Destinasi berikutnya adalah Pelita Jaya. Saya bekerja dengan Coach Djajang Nurjaman sebagai asisten pelatih. Tugas ini terbilang berat karena dua musim sebelumnya Pelita hampir degradasi. Saya sendiri baru jadi pelatih Pelita setelah Pelita melakoni delapan pertandingan.
Tapi alhamdulillah saya mendapatkan kesempatan untuk merombak tim di putaran kedua sehingga saya bisa mendatangkan beberapa pemain yang berpotensi bisa mendongkrak prestasi. Terbukti kami waktu itu berada di papan atas di akhir kompetisi, tepatnya di urutan keenam.
Musim berikutnya Pelita merge dengan Arema. Saya `hijrah` ke Arema untuk musim 2012/13. Arema ini menjadi satu tantangan yang hebat karena saya menangani sebuah tim dengan fanatisme penonton yang dari dulu selalu saya idolai. Arema mempunyai organisasi suporter yang sangat kreatif, menyanyi sepanjang pertandingan, dari menit pertama sampai akhir. Mereka kompak dan itu mereka buktikan di stadion selama saya di sana.
Selain di Arema, tahun 2013 juga saya dipanggil lagi oleh Timnas untuk menghadapi Islamic Solidarity Games (ISG) dan SEA Games. Jadi ketika itu saya melatih timnas sekaligus melatih Arema. Timnas pun cukup berprestasi. Tapi entah kenapa saya selalu kalah di final. Mengalahkan Arab Saudi di semi-final tapi kalah dari Turki di final ISG. Di SEA Games kami balas kekalahan dari Malaysia, juga lewat adu penalti, tapi lagi-lagi kalah di final, kali ini oleh Thailand.
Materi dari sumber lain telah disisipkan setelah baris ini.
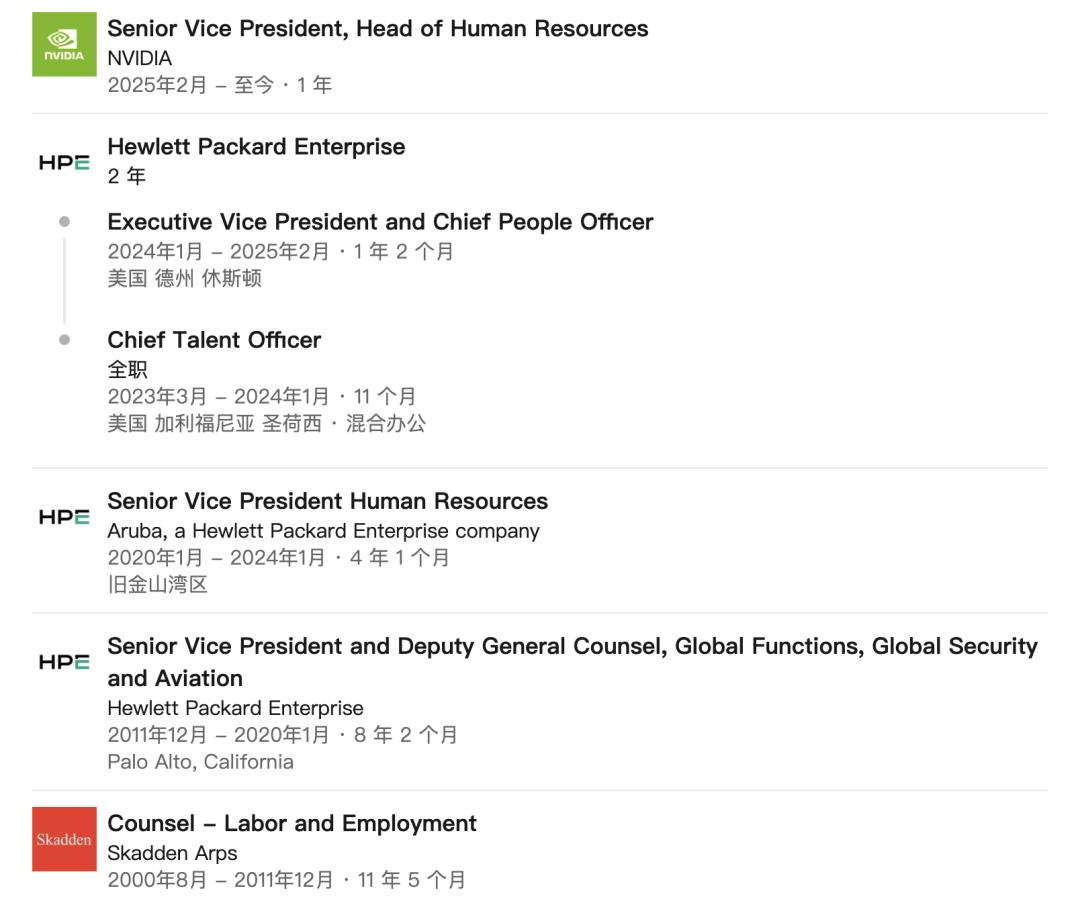 在人力资源这条线上,英伟达选择了一位传统科技公司体系中走出来的老将。
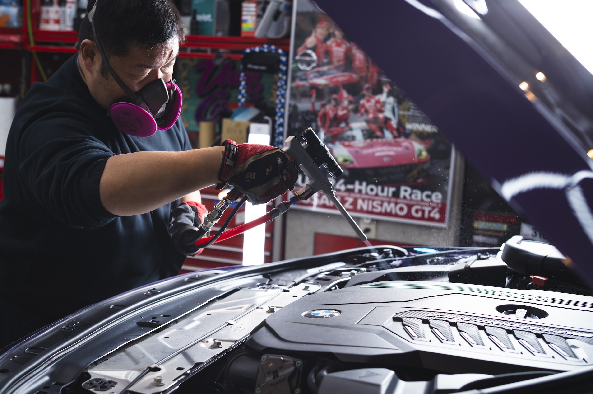 エンジンルームの洗浄についても、大きな変化があった。カバーを外した状態でドライアイス洗浄を行うことで、水を使わず、安全性とクオリティを両立した洗浄が可能になった。電装部品への影響を最小限に抑えつつ、見た目としても納得のいく仕上がりを実現できているという。これらの変化に共通しているのは、「今まで避けていた」「やりたくても手間がかかりすぎた」作業が、現実的な選択肢になったという点である。作業時間は短縮され、スタッフの負担も軽減。それでいて、仕上がりの精度は確実に向上している。
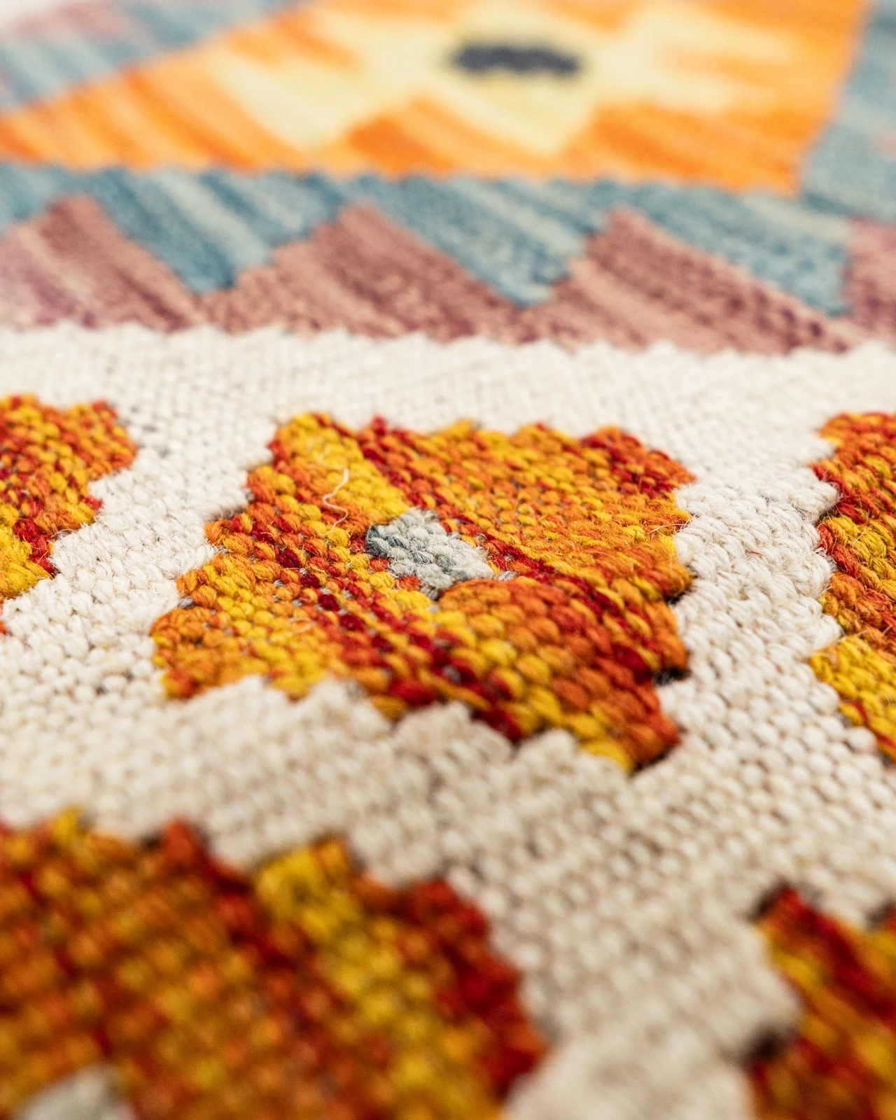 Tejido plano artesanal hecho a mano por comunidades nómadas, conocido por sus patrones geométricos y colores vivos.
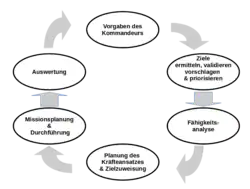 - Phase 1 – Befehlsgebung und Richtlinien des Kommandeurs. Als erster Schritt im Prozess der Zielplanung wird die Planungsrichtlinie des operativen Führers ausgewertet und in einem iterativen Prozess zusammen mit den Kommandeuren der einzelnen Komponenten einer Streitmacht (Land-, Luft-, Seestreitkräfte etc.) in Einzelaufträge heruntergebrochen.

Saya inget banget gara-gara kekalahan-kekalahan itu saya dapet SMS dari salah satu pengurus klub di Jawa Timur, dia bilang: "Seperti nama jenengan, cocok dengan pencapaian jenengan tahun ini. RD: Runner-up Doang." Hahaha. Bener juga memang, tahun 2013 itu tahunnya runner-up buat saya, karena Arema juga runner-up. Tapi gimanapun saya harus bersyukur karena itu bukan sesuatu yang jelek juga.
Setelah itu saya menangani Persebaya yang sekarang jadi Bhayangkara FC. Saya hanya mampu jadi juara wilayah timur. Gagal di 8 besar karena waktu itu ada 9 pemain inti saya yang dipanggil timnas yang sedang menyiapkan diri untuk Asian Games dan Kualifikasi Piala Dunia.
Di timnas senior ada Jendri Pitoy, Ricardo Salampessy, Hasyim Kipuw, dan Greg Nwokolo sementara di Asian Games ada Manahati Lestusen, Fandi Eko Utomo, Dedi Kusnandar, Alfin Tuasalamony, dan Novri Setiawan. Jelang babak 8 besar, dari 9 pemain ini, 8 pemain cedera. Ini yang bikin saya sulit sekali selama babak 8 besar karena kami bermain minus 8 pemain inti.
Tahun 2015 saya kembali ke Persija. Tapi waktu itu terjadi bencana, kompetisi harus terhenti. PSSI dibekukan.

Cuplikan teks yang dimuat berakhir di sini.